Table of Contents
The environment can be perceived as a commodity within which different factors and resources interact to bring about economic value. However, different activities carried by human factor have some determinable consequences on environmental management. The results of these activities have brought about major problems in creating a sustainable environment. An example of these activities is deforestation which is seen to affect the environment to greater extend including erosion (Schlager, pp. 294-317). Thus, it is important for human beings to manage their practices and ensure that they do not affect the state of the environment that may contribute to unsustainability.
There are other resources, which have been seen to run constantly out of supply. Such resources need to be protected from economic and social viability. This may include ensuring that the limited resources are used properly to avoid extinction. One way in which such resources can be protected from extinction involves government intervention (Blomquist, pp. 196-201). The government is seen as the core manager of environmental resources as it has the power to enforce rules and regulations on the use of different resources. Another mechanism used to manage scarce resources involves privatization, which ensures there is limited access to a certain resource that may have been marked as limited or diminishing.

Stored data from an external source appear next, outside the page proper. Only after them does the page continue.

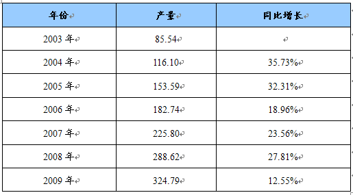 2003-2009年我国粉煤灰烧结陶粒产量统计表 单位:万立方米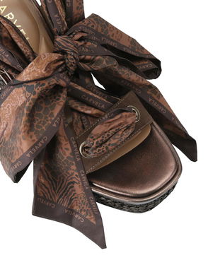 Sorrento Scarf Wedge Sandals, Brown Mid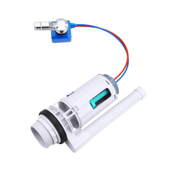 Adjustable cable controls bathroom fixtures. The dual-level flush valve is made of durable ABS material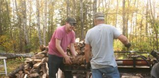 Well, yes, we were. Grandson, Drew, came up for the weekend and helped out a bunch. He and Will split a whole lot of...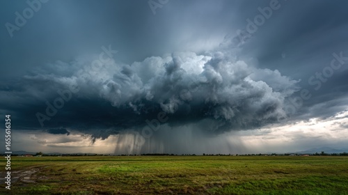 Dark storm clouds loom ominously over a vibrant green field in the early evening light. Rain begins to fall, creating a striking contrast against the stormy sky.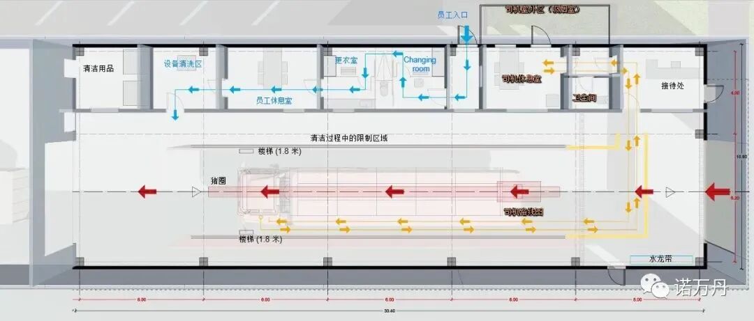 如果检查合格,卡车将通过消毒区,并对车底消毒,之后可进入净区。如果检查不合格,卡车必须返回清洗区进行相应的处理。
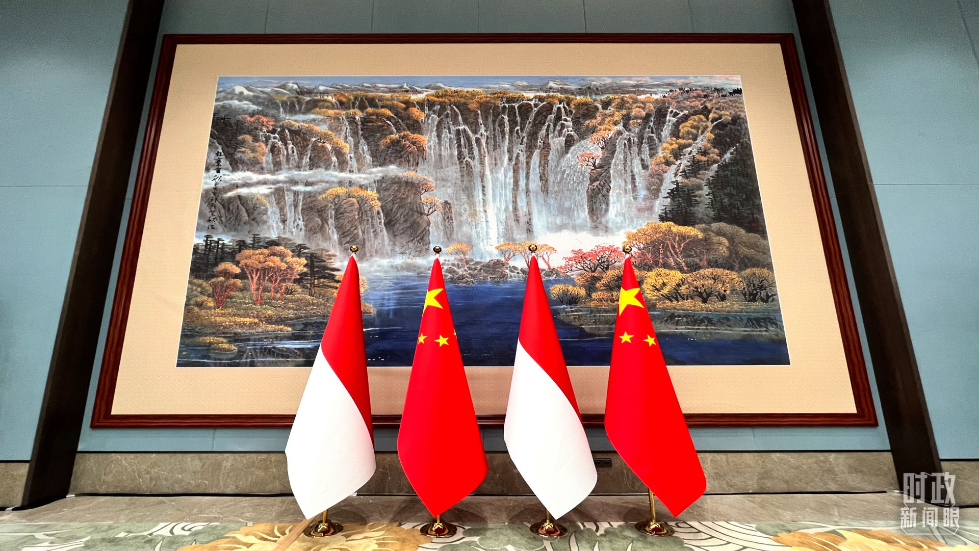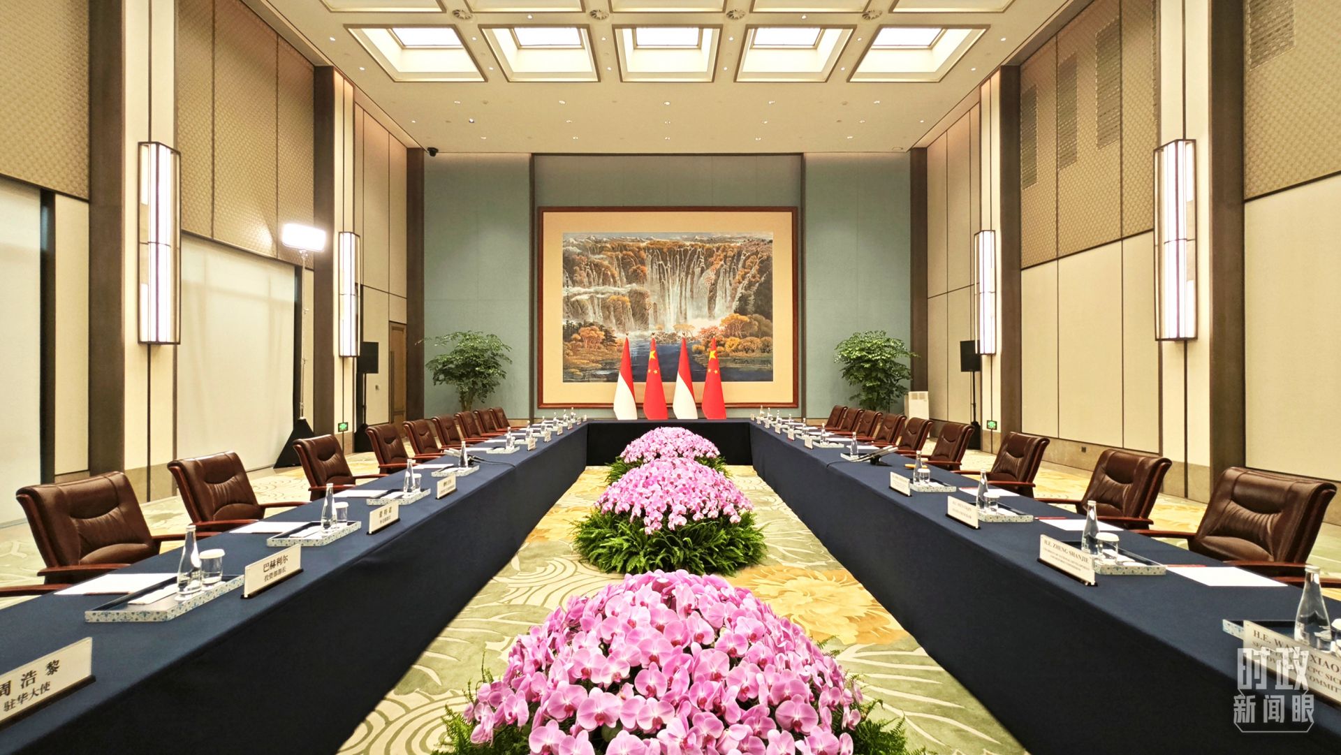 △中印尼两国元首在这里举行会见。这是会见开始前的场景。(总台央视记者许永松拍摄) 二是习主席提出建设更为紧密的中国-东盟命运共同体10周年。今年东盟轮值主席国正是印尼。习主席在会见时说,中方愿同东盟深化全面战略伙伴关系,支持印尼担任今年东盟轮值主席国,引领东盟坚持战略自主、团结自强,共同打造地区稳定中心、发展高地。

The results are the inclusion of all resources under one class called common pool resources CPRs. different stakeholders should come together and develop their own regulations, which will see proper management of resources through developing rules and regulations that are to be upheld collectively. There are two main principles governing sustainability of natural resources namely consumption rivalry and the excludability. Consumption rivalry is sometimes referred to as divisibility of benefits (Blomquist, pp. 196-201). The first principle on consumption rivalry refers to the competition between individuals for the limited resources. Excludability refers to curbing people from using a certain resource with the expectation that they will later benefit from the prohibition.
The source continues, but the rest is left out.